According to the present invention, therefore, it is possible to always add an optimum frictional resistance to the upper part of the spherical bullet B to give an almost constant upward rotation, so that the bullet B is raised upward by excessive upward rotation. It is possible to increase the straight-line distance and the range without increasing the bullet velocity without causing warping or insufficient effect due to insufficient rotation.

In particular, according to the present invention, the friction member 3 applies frictional resistance in the moving direction of the bullet B over a certain length to give rotation, so that power loss is reduced and wear of the friction member 3 is reduced. The required rotation can be provided despite the diameter variation that is typical of this type of bullet. It is obvious that the present invention can be applied to toy guns other than air guns.

[Brief description of drawings]

FIG. 1A is a plan view of a main part of a toy gun according to an embodiment of the present invention. (B) Vertical sectional view of the above.

FIG. 2 is an exploded perspective view of an apparatus according to an embodiment of the present invention.

FIG. 3 is a plan view of the same device.

4 (a) is a sectional view taken along line IV-IV of FIG. FIG. 4B is a sectional view similar to FIG. 4A showing the operating state.

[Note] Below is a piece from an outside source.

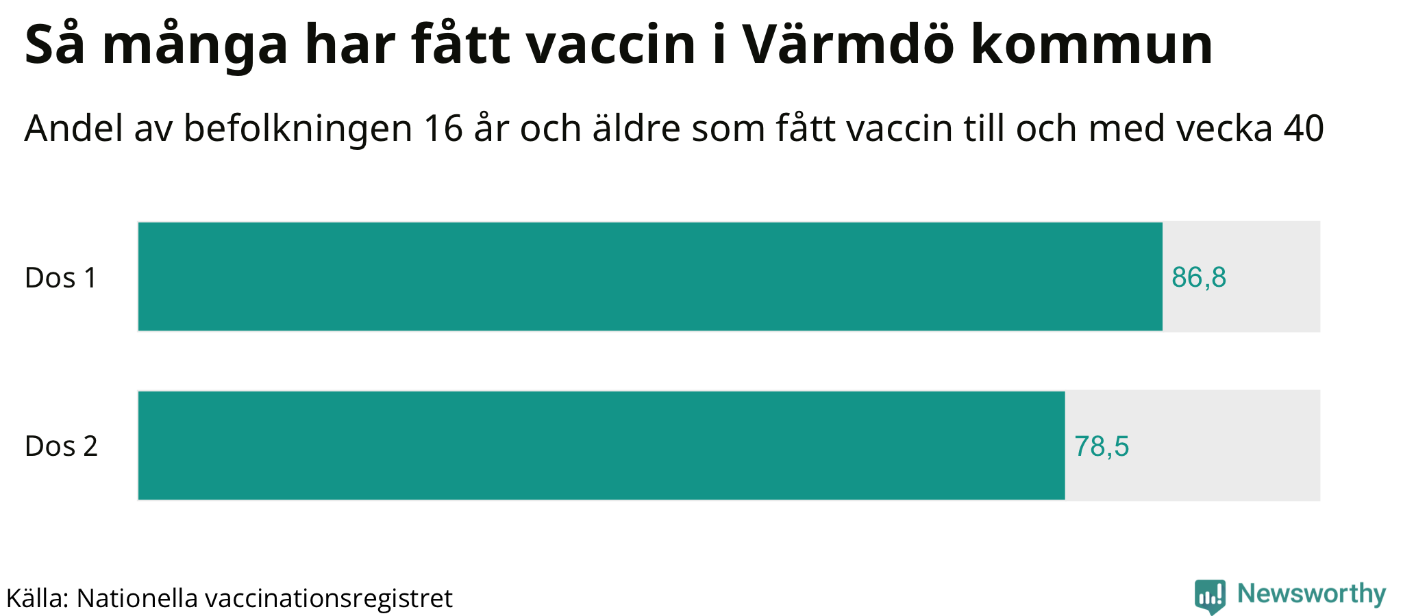 Det innebär att 87 procent av befolkningen född 2005 eller tidigare fått minst en dos. Det är en ganska genomsnittlig andel. Hammarö kommun har vaccinerat flest i hela landet (94 procent).

FIG. 5 is a vertical cross-sectional view showing a modified example of the friction adjusting mechanism.

Claims (4)

[Claims] 1. An elastic material having an opening 2 communicating from the outside to the inside of the gun cavity, which has a larger friction coefficient than the inner wall surface of the gun cavity below the opening 2. Covering the outside of the opening 2 with a friction member 3
By arranging a pressing member 4 elongated in the moving direction of the bullet B in the opening 2 and pressing the friction member 3 into the gun cavity through the pressing member 4, the upper part of the bullet B can be rubbed over a required length. In addition, the hop-up device for a bullet in a toy gun is characterized in that the pressing member 4 is provided with a friction adjusting mechanism 5 for variably adjusting the degree of friction. 2. The friction adjusting mechanism 5 is capable of pressing the pressing member 4 inwardly of the opening 2 in contact with the convex portion 6 provided on the outer surface of the pressing member 4 so as to project outward. The bullet hop-up device for a toy gun according to claim 1, comprising a cam member (8) having an inclined surface (7) and a handle (9) provided for moving the cam member (8) toward the inclined surface (7). 3. The friction adjusting mechanism 5 has a second cam surface 11 which rotates in contact with the outer surface of the pressing member 4 and can be pressed inward.
The bullet hop-up device for a toy gun according to claim 1, further comprising a cam member (12). 4. The hop-up device for a toy gun according to claim 1, wherein the friction member 3 has a structure in which the opening 2 is closed from the outside to prevent gas from leaking.